During the rendering process, each fragment of grass can be checked and set a boolean value indicating whether it contains grass. If no grass is present, the CPU can skip processing that particular chunk, avoiding both the draw mesh instanced operation and the occlusion culling algorithm. This optimization significantly improves performance in areas without grass, even if the viewer is observing those regions.
By efficiently skipping unnecessary computations in chunks without visible grass, this optimization technique ensures faster processing, allowing for smoother rendering in areas devoid of vegetation.

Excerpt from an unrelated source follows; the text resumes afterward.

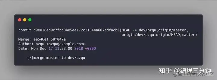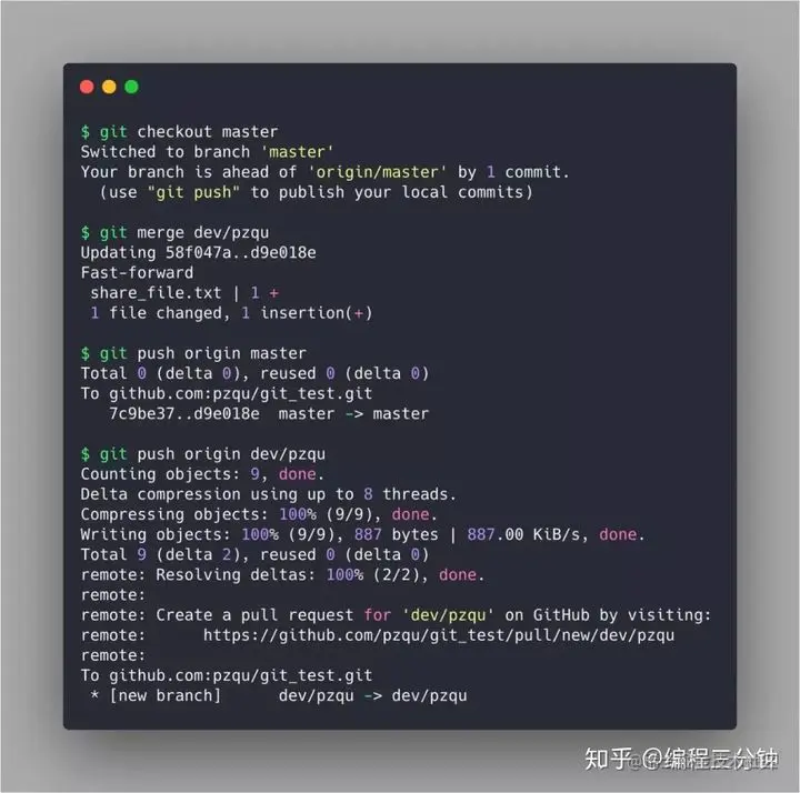 master分支比远程origin/master分支多一次提交,dev/pzqu分支由于是基于origin/master分支,合并了master分支的提交和当前dev/pzqu分支的提交,超出本地master两个提交,致此我们把master合并到dev/pzqu的操作就完成了。- 通常我们开一个新的开发分支是为了在自己的分支上写代码,方便提交也不会把主线弄乱。

Optimization 3.5: Basic Frustum culling
Although checking at every point if it’s visible on the camera might be expensive, a simpler solution is to do a dot product of the position of the chunk with the position of the camera. If it’s negative means that is behind and never will be visible, aka, we can remove it. It’s a single line and cuts the amount of chunks to process to half of them. MORE PERFORMANCE!!
for(/*...*/)
{
float dot = Vector3.Dot(PlayerCamera.transform.forward, section.LowLOD_Fragment.bounds.center-plannarCamera);
if(dot < 0)
continue;
//...
//Enable grass
}
Optimization 3.6: Unloading chunks
When dealing with vast world sizes, there may be instances where certain chunks remain loaded even though they are significantly distant from the camera. Although these chunks are not being processed by the CPU or utilized in any way, they still occupy compute buffers and textures, which compromises our GPU memory allocation. To address this issue, we can release all compute buffers that are not currently visible and reload them when needed. As a result, the distribution shader will be dispatched more frequently, not just once. However, this process is not significantly slow to cause any problems, and the benefit of saving space on the GPU side outweighs any potential drawbacks. The approach involves storing an object with its coordinates and associated compute buffers. By reinitializing the compute buffers while retaining the object, we can effectively manage the memory. Fortunately, the CPU has ample memory capacity, so there are no concerns on that front; it is the compute buffers that need to be cleared.

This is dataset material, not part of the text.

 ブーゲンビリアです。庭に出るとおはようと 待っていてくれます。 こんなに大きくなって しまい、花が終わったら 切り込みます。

Black boxes are unloaded chunks. White boxes are loaded with chunks with no grass in them. Blue boxes are low LOD chunks with grass in them. Red boxes are high LOD chunks.
Conclusion
Following the mentioned steps produces a highly performant grass system, although there are still techniques that could be used to improve overall performance and style. There are some ideas worth checking, such as generating the mesh on the GPU and interpolating through both versions of the LODs directly.
To add up, we could add things such as a final texture to interpolate on really far grass blades, clumping different characteristics of each grass blade, or adding variety through coloring.
But for now, that’s all! Thank you for reading.